DPS has been widely used as the standard radical surgery for distal pancreatic carcinoma1,2. However, due to the highly invasive nature of pancreatic cancer, it is easy for the tumor to grow to the edge of the pancreas and even break through the surface of the pancreas. Meanwhile, accompanying chronic pancreatitis makes the boundary between the pancreas and the surrounding tissues unclear. Therefore, it is difficult to achieve R0 resection during conventional surgical procedures3,4. In conventional DPS, due to the incomplete understanding of the pancreatic lymphatic system and limited surgical techniques, a surgical mode has been developed that neither completely removes the lymphatic reflux loop nor cleans up any lymph nodes around the celiac trunk or SMA. Therefore, the survival rate of patients is low3,4.
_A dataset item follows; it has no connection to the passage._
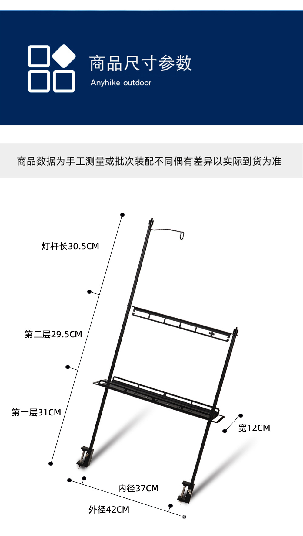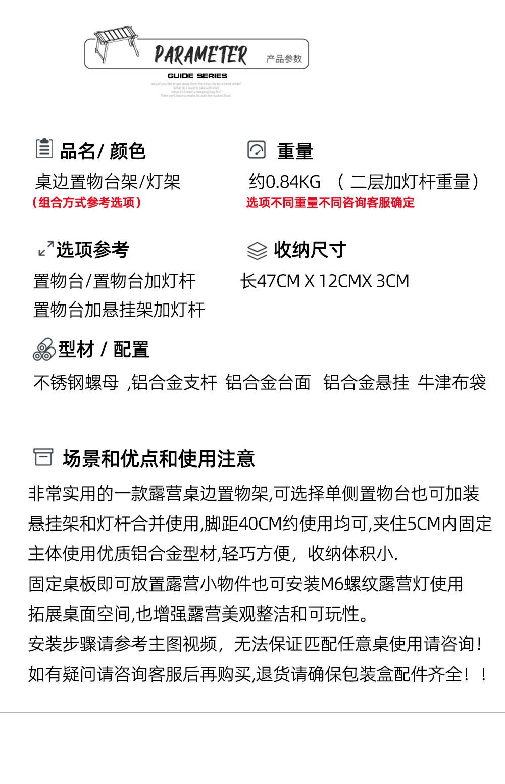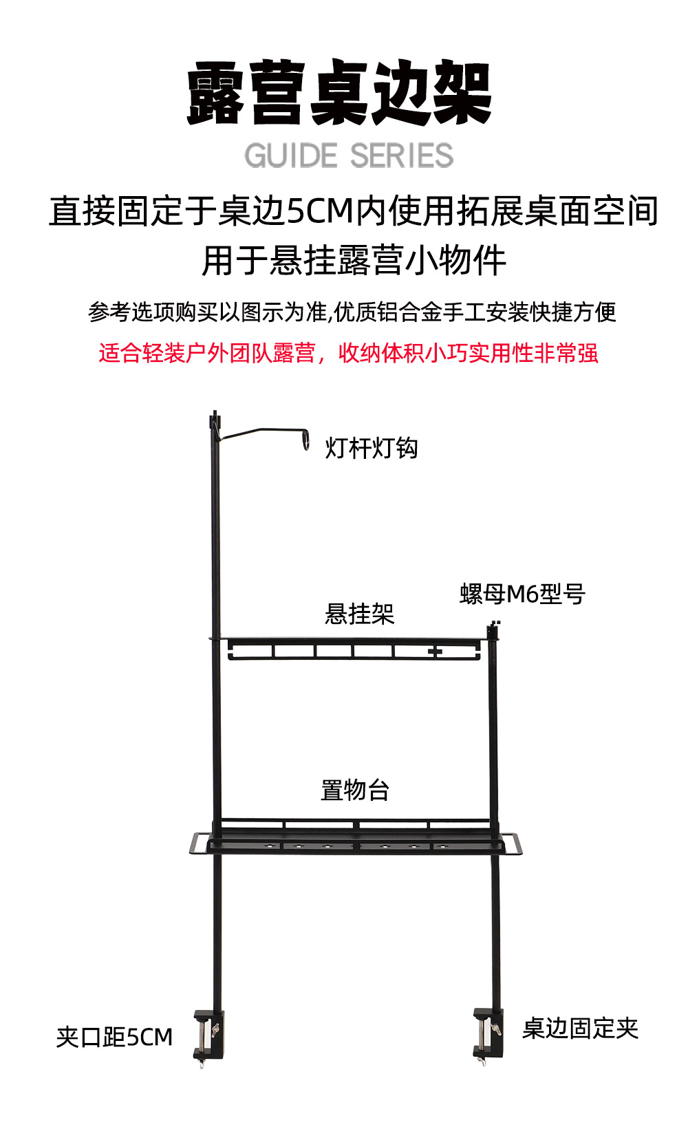 Shan Ye Bulin 가이드 시리즈 야외 캠핑 접이식 피크닉 테이블 사이드 액세서리 스토리지 랙 라이트 폴 교수형 랙스토어 가기

With the development of surgical techniques and the deepening understanding of the pancreatic lymphatic system, the high positive rate of surgical margin and incomplete lymph node dissection in DPS have received attention. RAMPS is a new technique that differs from DPS, and its concept stems from the more commonly mentioned radical resection of pancreatic head carcinoma. In 2003, Strasberg applied the concept of Whipple surgery to radical resection of pancreatic body and tail carcinoma and proposed RAMPS, which pioneered the whole resection of pancreatic body and tail combined with the spleen from right to left3. RAMPS aims at the complete resection of tissues around pancreatic body and tail, including the tumor, to ensure a negative incisal margin and thorough dissection of lymph nodes. In 2007, Strasberg's team reviewed the clinical data from 23 cases of RAMPS and found that the negative margin rate was as high as 91%, with an average survival time of 21 months and a 5-year overall survival rate of 26%, which was very similar to the results of Whipple surgery4. Reviewing the literature since RAMPS was proposed, it has been found that RAMPS can achieve a significantly improved R0 resection rate, N1 lymph nodes dissection rate, and postoperative survival rate4.
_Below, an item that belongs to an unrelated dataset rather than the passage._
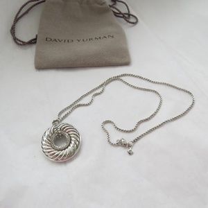 Authentic DAVID YURMAN Diamond Sculpted Cable Disc Pendant Necklace in excellent condition. Featuring a box chain and a fixed disc pendant with pave set round brilliant diamond accents and a lobster clasp closure. Comes with pouch.

The basic procedure for RAMPS is to first cut off the neck of the pancreas, ligate and detach the splenic artery and vein from the root, remove the lymph nodes surrounding the celiac trunk and the SMA, and then completely remove the distal pancreas, the spleen, and the anterior layer of the Gerota fascia13,14. The Gerota fascia, also known as the renal fascia, is derived from extraperitoneal tissue and has a relatively tough texture15. The Gerota fascia is divided into two layers, including the prerenal fascia and the retrorenal fascia. Two layers of fascia wrap around the kidney and adrenal gland. At the superior and lateral borders, the two layers of fascia fuse with each other and are continuous with the subphrenic fascia and the fascia transversalis, respectively16,17,18. RAMPS accords with the concept of surgical oncology. RAMPS first cuts off the pancreatic neck and disconnects the splenic blood vessels, then follows the lymphatic reflux direction of the distal pancreas and resects it as a whole (en bloc). By using this operation to pre-block the tumor cell proliferation pathway, which is in line with the "no-touch" concept of surgical oncology. Because of the theoretical rationality and perioperative safety, RAMPS helps to improve the R0 resection rate of distal pancreatic carcinoma and has become increasingly widespread in recent years19,20,21.
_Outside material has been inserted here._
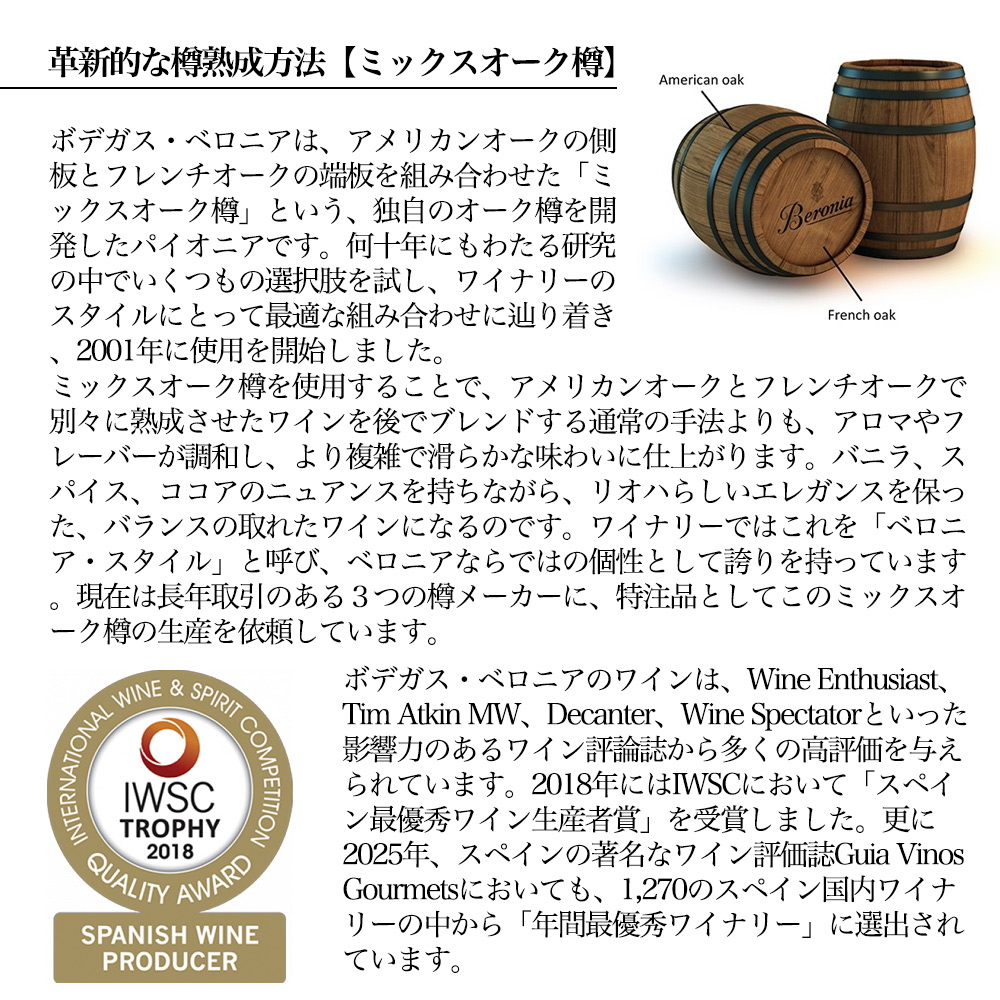 ■熟成:オーク樽18ヶ月(225L、70%アメリカンオーク、30%フレンチオーク、新樽比率70%) 、瓶熟18ヶ月

There are two surgical approaches for RAMPS, including the anterior radical antegrade modular pancreatosplenectomy (aRAMPS) and the pRAMPS. If the preoperative CT scan indicates that the tumor has not penetrated the posterior pancreatic capsule, aRAMPS is feasible, and the resection boundary is located behind the prerenal fascia. On the contrary, the posterior pathway (pRAMPS) can be used to remove the left adrenal gland and prerenal fascia. The aRAMPS enters the lesser omentous sac by cutting off the gastrocolic ligament, dissociates pancreatic tissues adjacent to SMV to establish a tunnel behind the pancreatic neck, dissects relevant lymph nodes, and severs the splenic artery and vein after ligation. The posterior boundary of aRAMPS is the abdominal aorta and the upper margin of the left renal vein. During this procedure, the prerenal fascia is removed, but the left adrenal gland is preserved. The posterior dissection of pRAMPS is deeper and needs to sweep to the diaphragm and retroperitoneal muscles, exposing the left renal vein throughout. During this procedure, the left adrenal gland is excised along with the prerenal fascia22. There is currently no clear definition of the choice between aRAMPS and pRAMPS. In general, pRAMPS may be more appropriate for patients with periadrenal adipose tissue invasion, and the removal of a unilateral adrenal gland will not cause complications such as adrenal insufficiency23. A retrospective study found no statistically significant difference between aRAMPS and pRAMPS in the incidence of pancreatic leakage, mean length of stay, and 90-day mortality24. For this surgical patient, the possibility of periadrenal adipose tissue invasion could not be ruled out through preoperative imaging examination. In order to achieve more thorough lymph node dissection, we performed pRAMPS for the patient. A thorough dissection of the surrounding lymph nodes, complete resection of the distal pancreas, spleen, prerenal fascia, and adrenal gland as a whole (en bloc), are critical steps within the protocol.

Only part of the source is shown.